It would cost our governments approximately $240 billion to put wire on every utility pole and underground conduit to cover every home and business (we ignore for the moment how one would handle the trunk wiring already installed by private carriers).  Spread over the fifteen years it would likely take, the cost per year would $16 billion, approximately 0.2% of the current government spending.  Our federal governments spends close to $400 billion for interest on the federal debt; the last administration added $30 billion to that figure all by itself. Our governments spend $181 billion on roads every year, most just to keep the ones we have in service.  As wire only, the maintenance costs for the trunk wiring would run around $600 million, approximately $0.38 per home per month.  We can afford it.

Any other alternative will come at the expense of one of the key requirements for broadband or competition in the marketplace, which, if we take our own laws seriously, would be against the law.

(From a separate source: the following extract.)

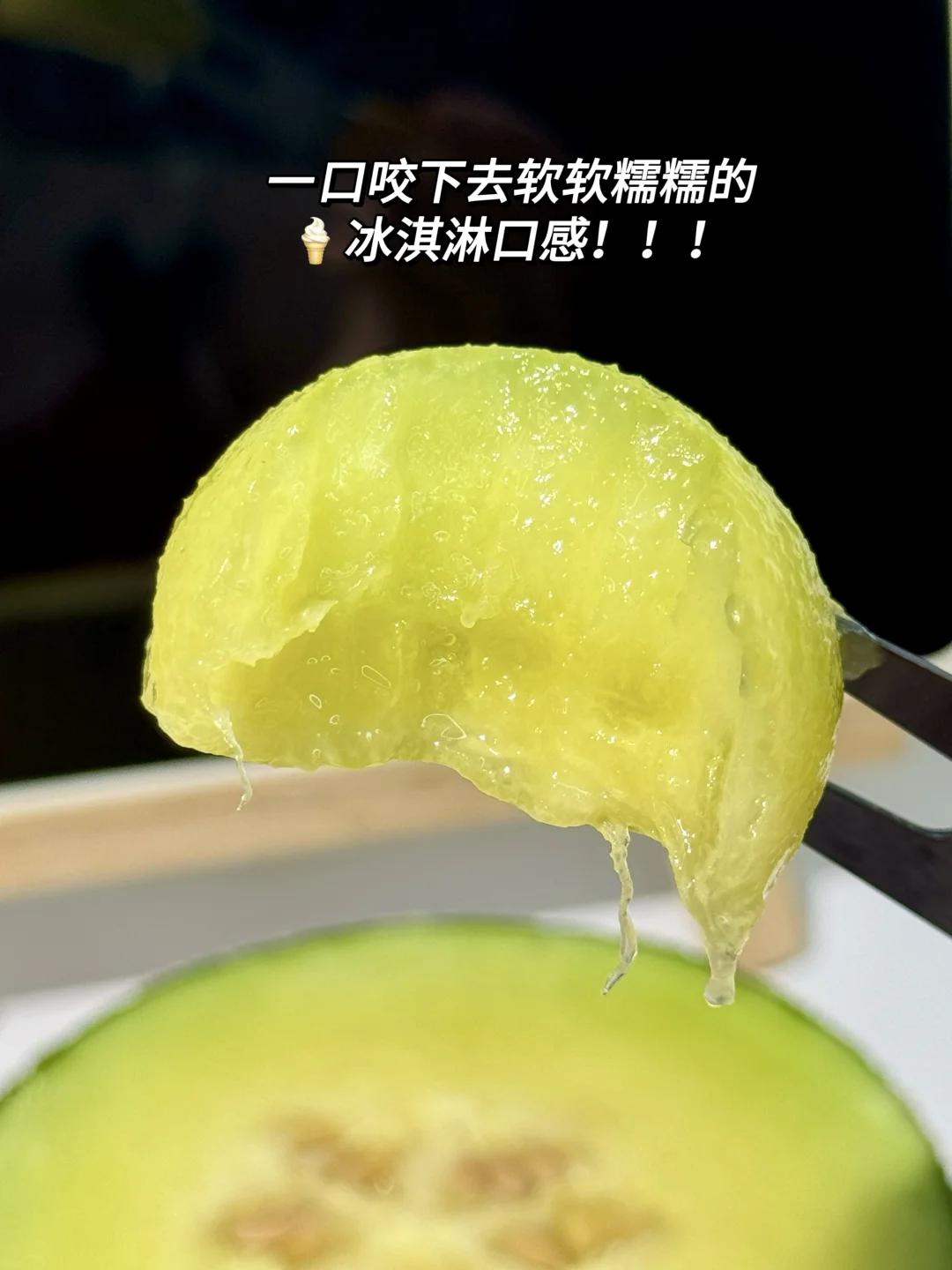 店员小哥说这个瓜,果肉软糯香甜、香味浓郁、有着颜色似碧玉的外形,所以叫“软香玉蜜瓜!!!

The plural here is vital.  Absent a federal mandate and public ownership of the trunk wiring, no other single business model will fit all circumstances.  (1) Of course the most common model today, with or without subsidies, is a private carrier alone in one of several shapes: legacy telephone companies, legacy cable television companies, cooperatives of electric utilities or small telephone companies, and new entrants just for broadband such as Google (terrestrial fiber-based) and SpaceX (Low Earth Orbit satellite system).  (2) The second most common model is a municipal utility, either standalone or within a municipal  electric utility.  Some twenty towns in western Massachusetts have adopted this model, but all had state funding and none had cable television companies within their borders.  (3) A third may be found in just two cities we know of that own the wire and contract with private parties for electronics and services.  They both expect to recover capital costs from network revenues.  (This is sometimes referred to as the “Westminster Model” after Westminster, MD, the first city to adopt this model.)  (4) Oddly enough, the model we propose for most towns in our region has no example we know of elsewhere in the country.  It is a variant on the Westminster Model: the municipality owns the trunk wiring and contracts with private parties for the rest, but pays for the trunk wiring through property taxes given that network revenues would likely not cover the costs and still keep the network affordable.

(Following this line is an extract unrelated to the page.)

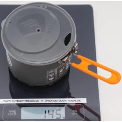 | Gewicht ca. | Standfuß: 30 g, Kocher: 62 g, Topf: 145 g |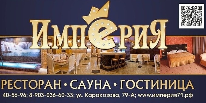 Для Вас незабываемый ужин в ресторане и расслабляющий отдых в сауне в шикарном комплексе! - Купон (номер) даёт право скидки 50% на посещение сауны в комплексе «Империя».

 This is a complex topic.  It is also tbe critical nexus between municipal needs and municipal funding to satisfy such needs should such funding require general obligations rather obligations that can be requited through network revenues.  We are not going to dilate on the details here.  They may be found in the general Plan segment of the web site.

Networks may be measured by “access” and by “adoption.”  The former refers to cables passing homes close enough to make a final connection just through drop wire from a pole or street-side termination to a home or business.  The latter refers to the homeowner actually ordering and paying for an Internet service.  As most of our homes are passed by a CATV coaxial cable, we must pay critical attention to the problems of adoption.  We may separate the problems of adoption into three types: (1) homes too far from the road for aerial drop-wire installation with owners unwilling to pay the outrageous fees charged by cable companies for undergrounding to their homes; (2) people who cannot afford the $60 or so monthly fee; and (3) people who just do not want to be bothered with Internet connections for one reason or another.  The issue for any community given that broadband is now a necessary utility is how to significantly improve the adoption of Internet access among the first and second categories.  Answers to each will involve subsidies, either from government funds or from over-charging those who subscribe already to compensate for undercharging others.

According to our survey of 2018, 35% of homes in our adopted region are not connected to a CATV network.  That is roughy 27,000 homes without broadband.  We know some are not connected because they are too far from the road and are unwilling to pay a CATV company what often seem like outrageous connection fees (which they are compared to the known costs of undergrounding cables from a pole to a home).  However, the town with the least percentage of connected homes is Torrington.  While Torrington has a large number of homes requiring undergrounding, the preponderance of homes opting out are likely doing so for financial reasons.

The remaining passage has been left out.